Da menzionare anche l’esistenza di un filone della giurisprudenza tributaria (CTR Veneto n. 216 e 1183, entrambe del 2016) che ha inquadrato la rilevazione a bilancio dei premi delle polizze COLI di tipo IBIP tra i costi da imputare a conto economico, sulla falsariga delle “gemelle” di puro rischio. E ciò contrariamente all’interpretazione dell’autorità fiscale che sulla base della natura di prodotto finanziario le aveva inquadrate quali crediti. Infatti, il ragionamento adottato dal giudice tributario per confutare la tesi dell’autorità è da individuarsi nel fatto che l’importo dei premi pagati all’assicuratore sono definitivamente acquisiti dalla stessa, la quale non ha alcun obbligo di restituzione se non quello di pagare, alternativamente, la prestazione assicurativa in caso di decesso ovvero il riscatto. Anche se qualcuno potrebbe storcere il naso in merito a quest’ultima interpretazione, l’ipotesi non è poi così peregrina in special modo nel caso in cui la componente assicurativa del prodotto COLI di tipo IBIP sia rafforzata con l’adozione della garanzia di restituzione del capitale. A ciò si potrebbe aggiungere anche l’ulteriore elemento che vede i prodotti di investimento assicurativi (gli IBIP) ormai disciplinati dal diritto assicurativo: infatti, con la trasposizione della direttiva sulla distribuzione assicurativa (o IDD) anche i prodotti vita di ramo III e V non sono più normati dal diritto finanziario, se non per gli aspetti della distribuzione dei prodotti IBIP da parte dei soggetti sottoposti a vigilanza CONSOB (es. istituti di credito, Poste Italiane, SIM etc. o anche definiti SADA, ossia Soggetti Abilitati alla Distribuzione Assicurativa). Quale è il loro trattamento fiscale? Sulla polizza COLI di puro rischio si è brevemente accennato nel paragrafo che precede. Per quanto riguarda, invece, il loro gemello di tipo IBIP, qualora si dovesse propendere per la qualifica del prodotto tra i crediti, allora la rilevazione annuale delle componenti positive di reddito andrebbe a concorrere nella formazione del reddito imponibile nel rispettivo periodo d’imposta di maturazione.

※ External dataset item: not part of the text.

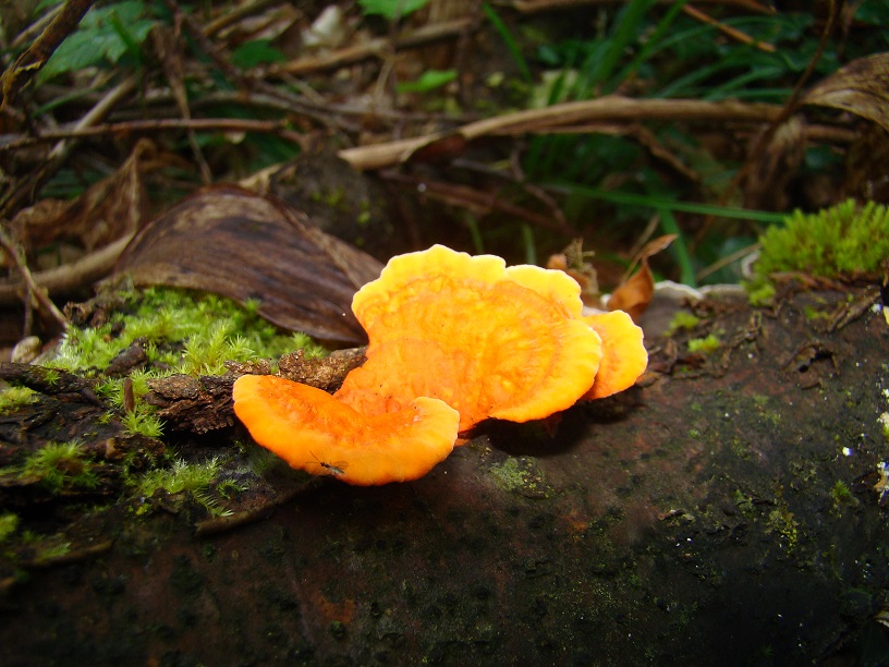 sodass dort lebhafte Kommentare einsetzten, da dies eigentlich völlig unpassend für genannte Art ist. Der alternativ nur von der Färbung her ins Spiel gebrachten Schwefelporling ist es wohl aber definitiv auch nicht. Und gelbe Farbspiele der rechts befindlichen Schmetterlings-Tramete wohl auch nicht. - Kennt jemand von der Zinnober-Tramete solche intensive orangegelbe Färbung? Könnten das evtl. sehr junge Ex. sein, sodass diese sich erst später röten? Oder gibt es evtl. andere Ursachen für diese Färbung? Oder gibt es evtl. eine andere Art, die sich hier dazwischen gemischt hat? Biotop ist ein naturnaher bachbegleitender Mischwald in der Südpfalz, vom 03.10.2014. Andere Notizen oder auch Schnitte u.ä. habe ich leider als unbedarfter Laie mit dieser Gruiippe nicht gemacht.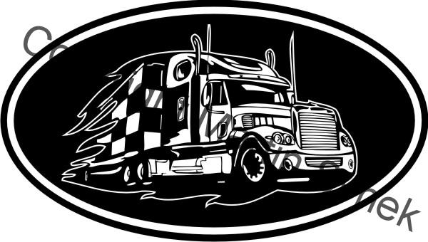 Dekorační samolepka na kamion ve tvaru oválu s různými motivy.

Per quanto concerne il trattamento fiscale della prestazione assicurativa corrisposta all’impresa, l’esenzione da imposta prevista per la copertura del rischio demografico in caso di soggetti passivi IRPEF non trova applicazione nei confronti dei


soggetti passivi IRES, pertanto anche questa componente è interamente imponibile. Da non dimenticare infine l’applicazione dell’imposta di bollo (esclusa sulla componente ramo I) nel caso di prodotti COLI di tipo IBIP emessi da assicuratori residenti in Italia o all’estero (qualora abbiano optato per l’applicazione di tale imposta in modo virtuale) nella misura del 2 per mille sul valore della polizza a fine anno ma con un massimale di 14.000 euro all’anno. Come si inquadra il prodotto ai fini dell’ACE? Ovviamente non si fa riferimento al multivitaminico ACE ma al c.d. Aiuto alla Crescita Economica reintrodotto dalla Legge di Bilancio per l’anno 2020 che mira alla patrimonializzazione delle imprese andando a detassare una parte del reddito imponibile d’impresa sulla base di una quota pari ad una percentuale degli incrementi del patrimonio netto (attualmente pari all’1,3%). Insomma più alti sono gli incrementi “genuini” del patrimonio netto, maggiori sono gli impatti “benefici” in termini di detassazione (in quanto minore sarà la base imponibile). Ed è proprio sul termine “genuini” che bisogna soffermarsi in quanto non tutte le voci di bilancio possono considerarsi “benefiche” ai fini ACE. Tra queste, vi rientra la voce “Incremento delle consistenze dei titoli e valori mobiliari diversi dalle partecipazioni” in quanto la loro variazione (in aumento) non aiuta, secondo il legislatore, la patrimonializzazione dell’impresa (e quindi la conseguente detassazione). E adesso arriviamo al punto cruciale: il prodotto COLI di tipo IBIP (quello di puro rischio non è preso in considerazione vista la mancanza della componente investimento) è da considerarsi come un titolo/valore mobiliare, visto che la disciplina applicabile non fa specifico riferimento a tale tipologia di prodotto ? Perchè se così fosse (e quindi il prodotto non sarebbe da considerare come un titolo/valore mobiliare), allora si verificherebbe la c.d. non sterilizzazione, nel senso che l’incremento del valore del prodotto COLI di tipo IBIP non apporterebbe né un beneficio né (ed è questo il punto) un “maleficio” alla base di calcolo dell’ACE (cosa che invece avverrebbe con i titoli/valori mobiliari).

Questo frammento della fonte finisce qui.